驚きの生物として紹介されることも多い種間雑種個体(ハイブリットアニマル)ですが、私たちの、身近な生き物としても存在します。
今回はラバ・イノブタ・アイガモの3種類の家畜に注目しました。それぞれどのような生物なのかをまとめていきます。
ハイブリットアニマルとは
ハイブリットアニマルとは、異なる「種(しゅ)」を掛け合わせた動物のことです。
では、種(しゅ)とはどのようなものでしょうか。
種(しゅ)とは、生物を共通性によって分類する基本的な単位のことです。同じ種の間では、交配することで生殖能力をもつ子孫を残せるとの定義が現在最も多く使用されています。
この考え方で、種が同じか違うかを見分けるポイントは「生殖能力を持つ子孫」という点です。
違う種同士でも「子」はできることはあるけれど、「孫」はできないということです。
異なる種を掛け合わせてできた生物のことを種間雑種個体(ハイブリットアニマル)と呼びます。
これらの生物は同種?それとも異種?
ロバ×ウマ→ラバ
メスのウマとオスのロバを掛け合わせて生まれた生物をラバと言います。北米やメキシコ、スペインなどで古くから家畜として存在していた交雑種です。

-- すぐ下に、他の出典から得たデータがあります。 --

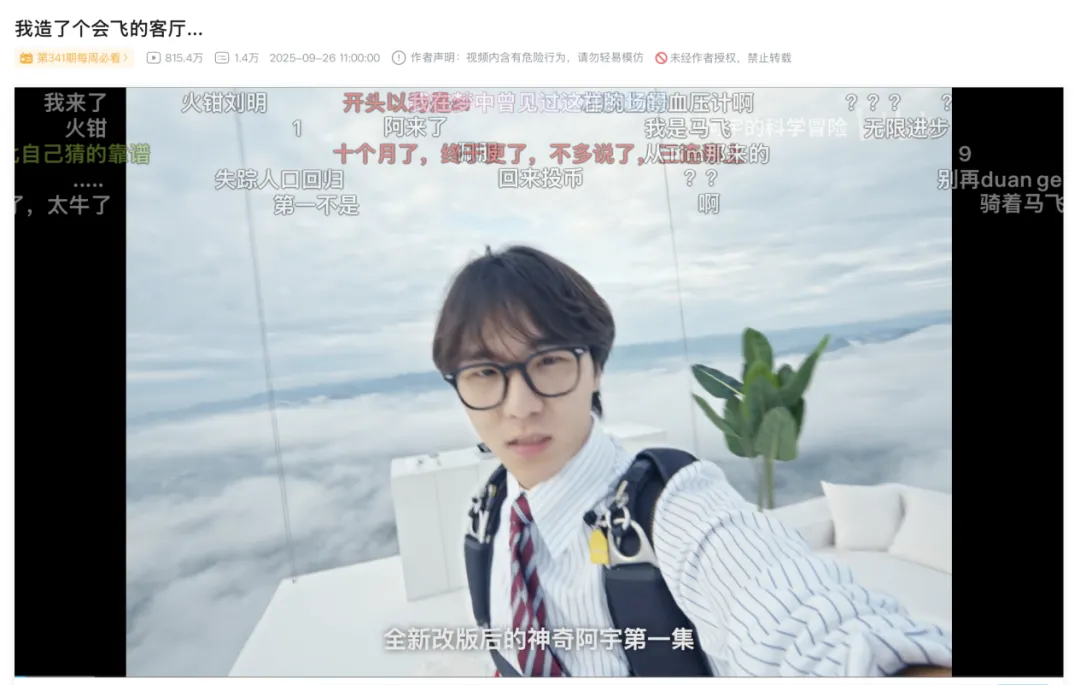 阿宇的「空中客厅」在 B 站达到 800 万+ 的播放量|图源:bilibili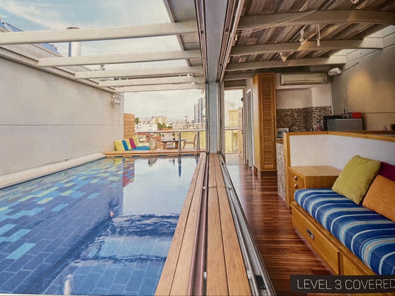 This townhouse is an architectural gem,offering high-standard facilities. It boasts of a modern contemporary interior inspired bynatural textures while the exterior donein grayconcrete and wood offers timeless elegance.The townhousealong with its neighbours is arranged en entlade, along an exterior corridor offering a neighborly atmosphere having as backdrop the beautiful architectural surroundings of Agiou Andreou Street and Columbia Plaza complex.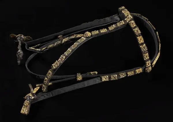 De flotteste gjenstandene fra Skipshaugen stammer fra flere sett med rideutstyr, til minst tre hester. Blant gjenstandene var det små beslag til seletøy i forgylt bronse, et flott selehøvrebeslag i forgylt bronse og rester av en dekorert sal. I tillegg ble det funnet et trestykke med forgylte bronsebeslag som vi ikke vet formålet med. Alle gjenstandene av bronse var dekorert i det som ble hetende Borrestil. Rideutstyr er funnet i både mannsgraver og kvinnegraver, og kan derfor ikke hjelpe til med å kjønnsbestemme graven. Imidlertid er det flere andre gjenstander som kan gi en indikasjon på kjønn.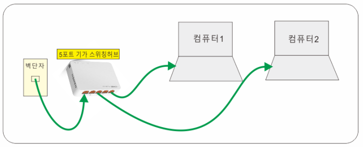 위 그림과 같이 현재 벽단자와 컴퓨터가 연결되어있는 랜케이블을 스위칭허브에 연결하시고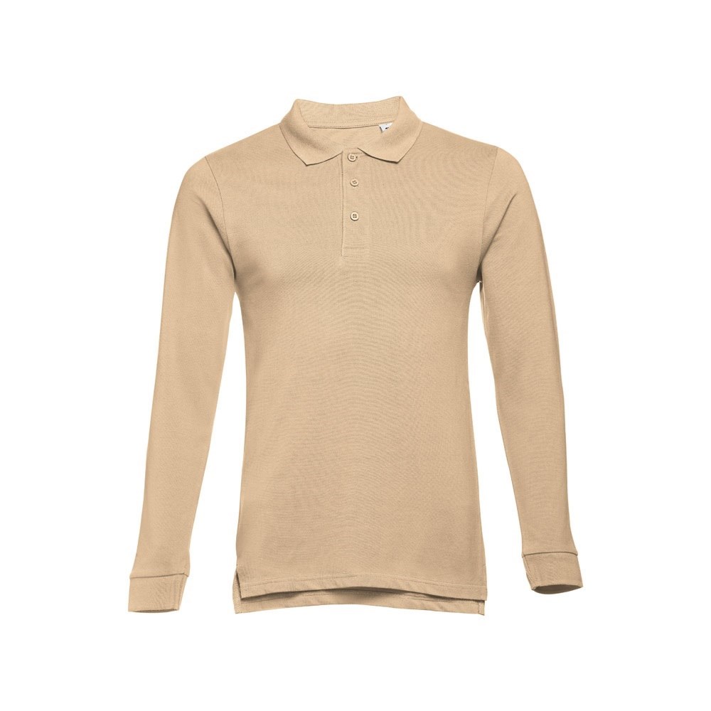 Herenpolo met lange mouwen van 100% gekaard piqué katoen (210 g/m²) (kleur 183: 85% katoen/15% viscose). Regular-fit polo met ribkraag en manchet knopen, de kraag is verstevigd met piquébreisel. Bevat een verstevigde kraag met 3 bijpassende knopen (extra knoop in de binnenzoom). Gesneden en genaaid stuk met openingen aan de onderkant. Met een verwijderbaar etiket. Maten: S, M, L, XL, XXL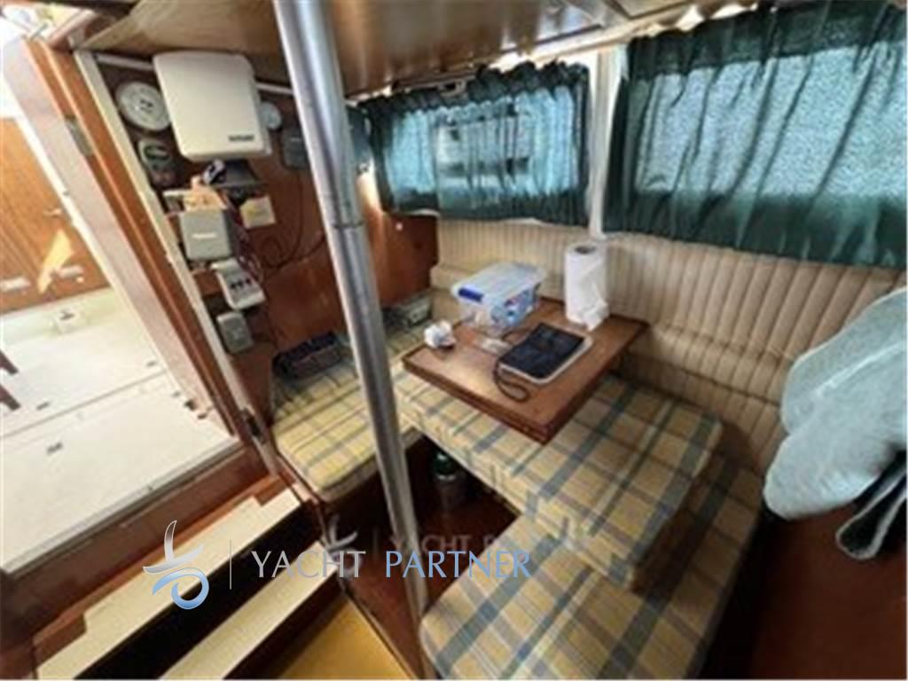 Lo scafo ampio e panciuto risponde pienamente ai ritmi della crociera, garantendo buone prestazioni e manovrabilità sia nella navigazione a motore (entrobordo diesel Volvo Penta di 36 hp, con autonomia di 50 ore), che in quella a vela.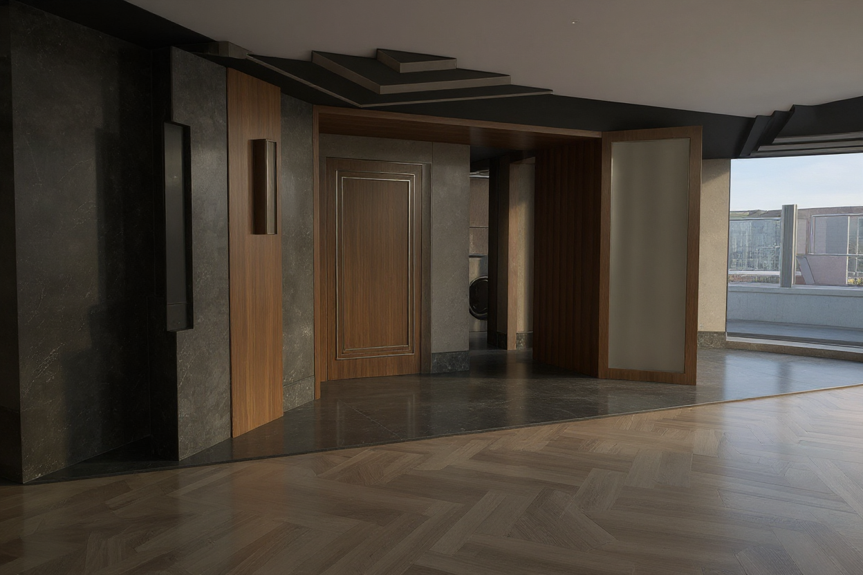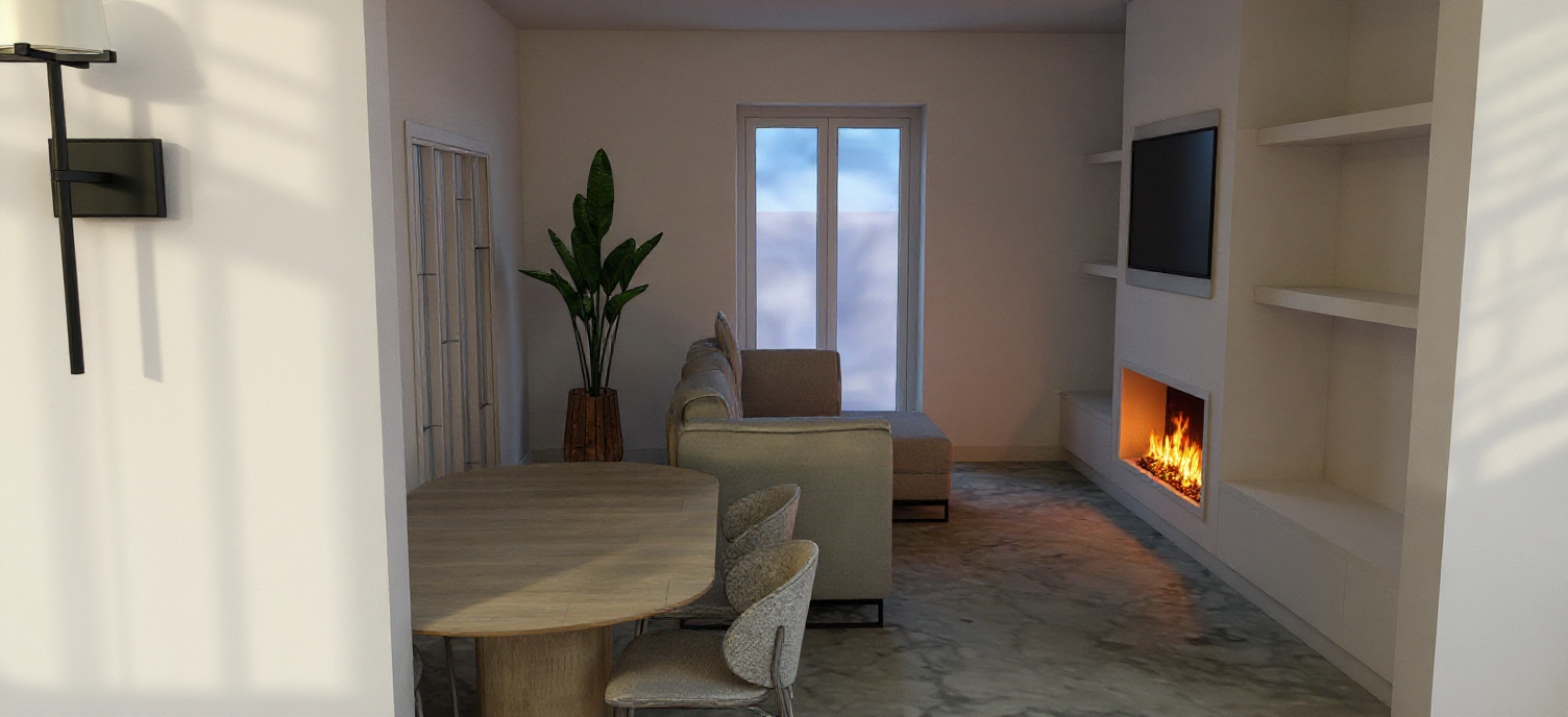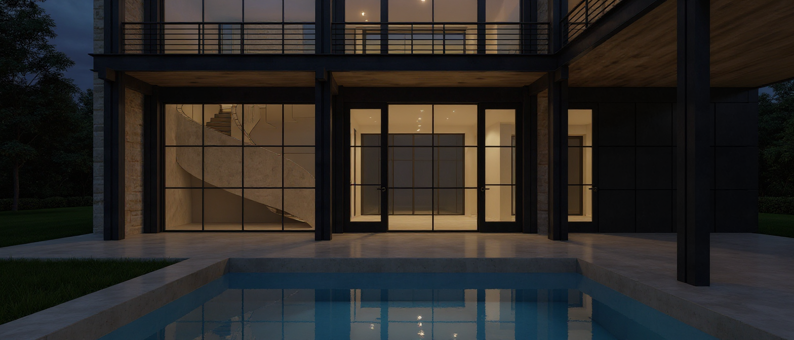 render di una scala esterna di colore bianco gradini in lamiera punzonata pilastri e elementi laterali in ferro colore struttura bianco

ちなみに、メスのロバとオスのウマから生まれたものはケッティとよばれます。
ラバはケッティよりもカラダも大きく、育てやすいので広く飼育されていました。その性質はウマの良い部分とロバの良い部分を兼ね合わせたものです。
病気に強く丈夫で粗食に耐えます。足腰が強くヒヅメもかたいので山道や険しい道でも物を運んで進めます。ウマよりも学習能力が高く調教もしやすい性格です。

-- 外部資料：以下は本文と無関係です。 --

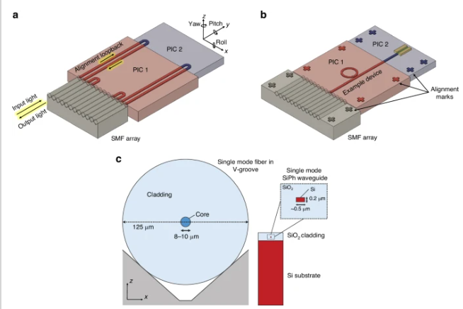 图3:集成光子学中光纤与芯片组装中的对准技术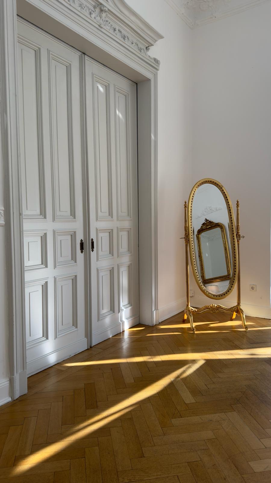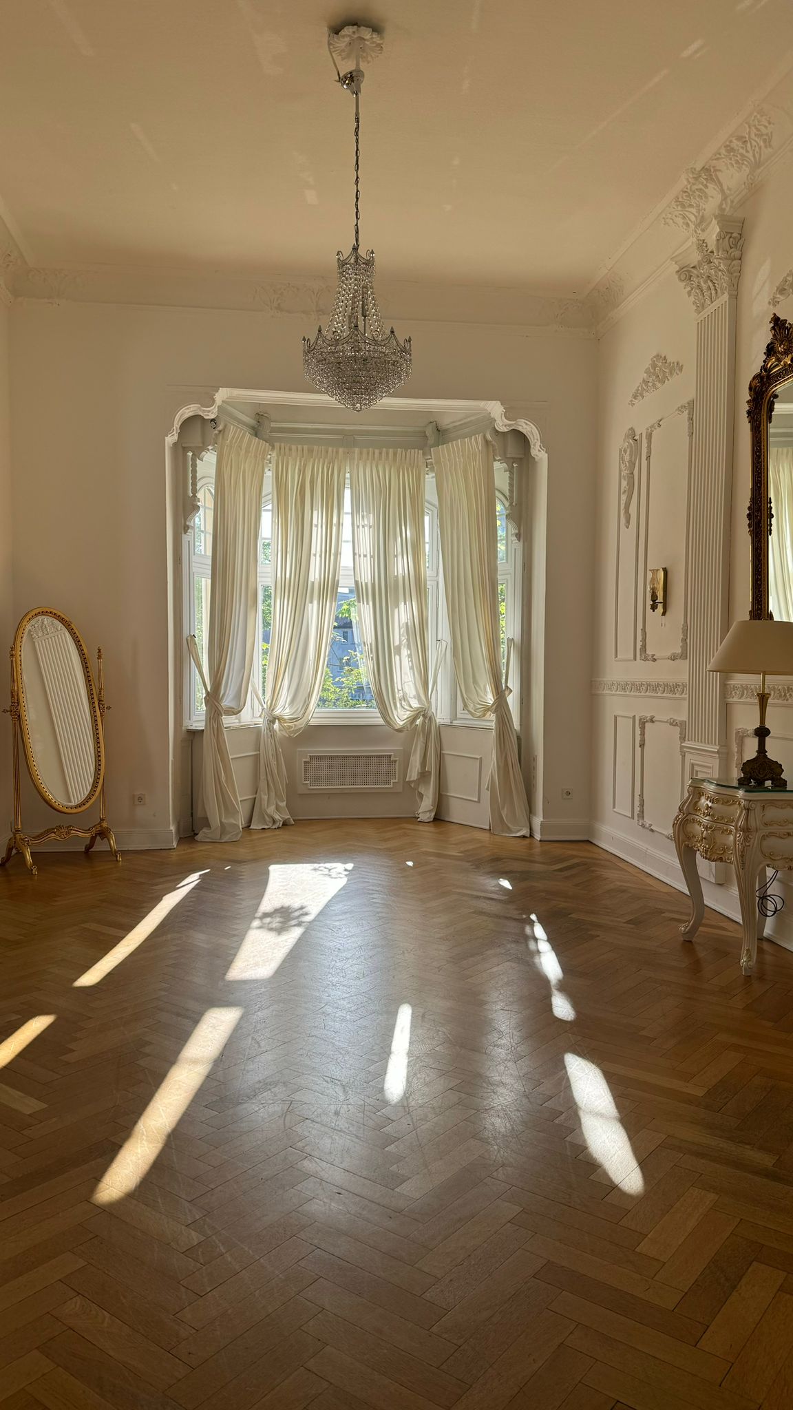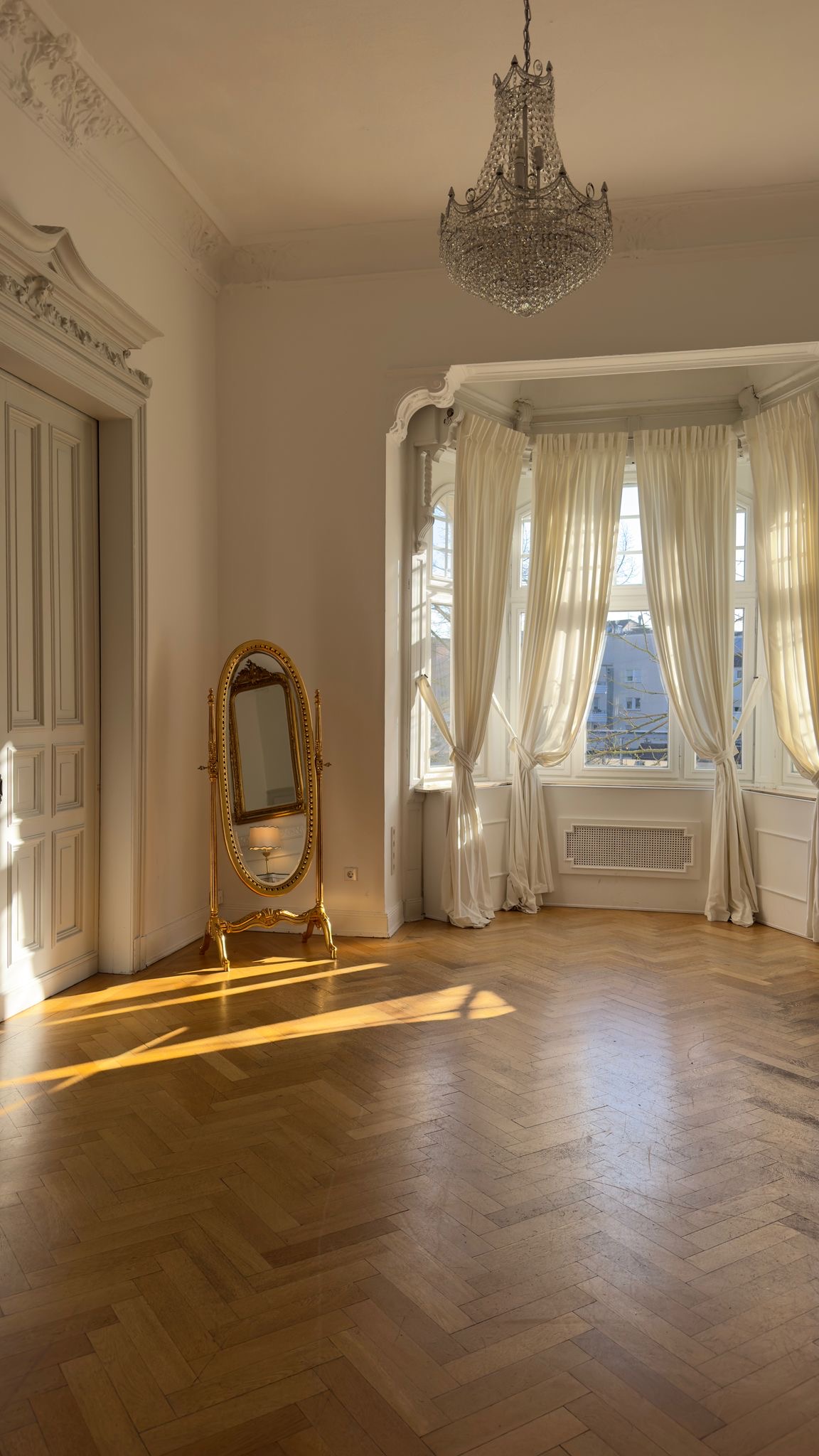 Die schlichte Eleganz des Raumes lässt viel Raum für kreativen Gestaltungsspielraum. Die weißen Wände, gepaart mit einem Laminatboden und minimalistischer Möblierung, erzeugen ein Gefühl von Ruhe und Zeitlosigkeit. Durch die großen Fenster strömt das natürliche Licht hinein und sorgt für eine perfekte Beleuchtung für Aufnahmen.

そんなラバですが、生殖能力は非常に乏しくほとんど子孫を残すことができません。
つまり、ロバとウマは異なる種であると言えるわけです。
イノシシ×ブタ→イノブタ
オスのイノシシとメスのブタを掛け合わせて生まれた生物をイノブタと言います。日本でも家畜化され、ブランド肉として売られています。有名なイノブタとしては、和歌山県すさみ町のイブの恵みや、淡路産の金猪豚などがあります。赤身が濃くあっさりした味ながらも甘味のある脂肪がとろける美味しさです。
美味しいだけでなく、雑食性が高いことや、ブタよりも暑さ寒さにつよく丈夫な性質も持っています。

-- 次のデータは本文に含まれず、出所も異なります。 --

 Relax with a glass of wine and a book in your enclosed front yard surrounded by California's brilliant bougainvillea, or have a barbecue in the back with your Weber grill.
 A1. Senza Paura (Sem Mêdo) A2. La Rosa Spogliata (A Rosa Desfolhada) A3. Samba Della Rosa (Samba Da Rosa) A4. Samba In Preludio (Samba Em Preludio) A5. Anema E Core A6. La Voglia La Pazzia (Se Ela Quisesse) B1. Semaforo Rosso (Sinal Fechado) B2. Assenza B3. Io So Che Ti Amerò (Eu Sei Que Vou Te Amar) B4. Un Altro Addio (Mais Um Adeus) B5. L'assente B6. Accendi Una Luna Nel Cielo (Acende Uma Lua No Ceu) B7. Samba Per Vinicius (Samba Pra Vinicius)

そんなイノブタ、イノブタ同士でも、イノシシとでも、ブタとでも交配して子孫を残すことができます。先ほど紹介しました金猪豚は、イノブタやブタを複数回も掛け合わせてくられた品種です。
つまり、イノシシとブタは同じ種であると言えるわけです。ブタはイノシシ種の中の亜種という位置づけなのです。
アヒル×マガモ→アイガモ
水田の雑草を駆除する有機農法(アイガモ農法)で有名なアイガモも、アヒルとマガモを掛け合わせたものです。当初、美味なマガモと飛べないアヒルを掛け合わせることで、美味でつかまえやすい食用家畜を目的だったそうです。
実際アイガモは飛べないのかというと、たまに大人になると飛べる個体もいるそうです。同じアイガモの中でも、飛べるものと飛べないものがいるなんて面白いですよね。
そんなアイガモは、生殖能力をもっています。つまり、マガモとアヒルは同じ種と言えるわけです。そもそもアヒルはマガモを家畜化したものなのでした。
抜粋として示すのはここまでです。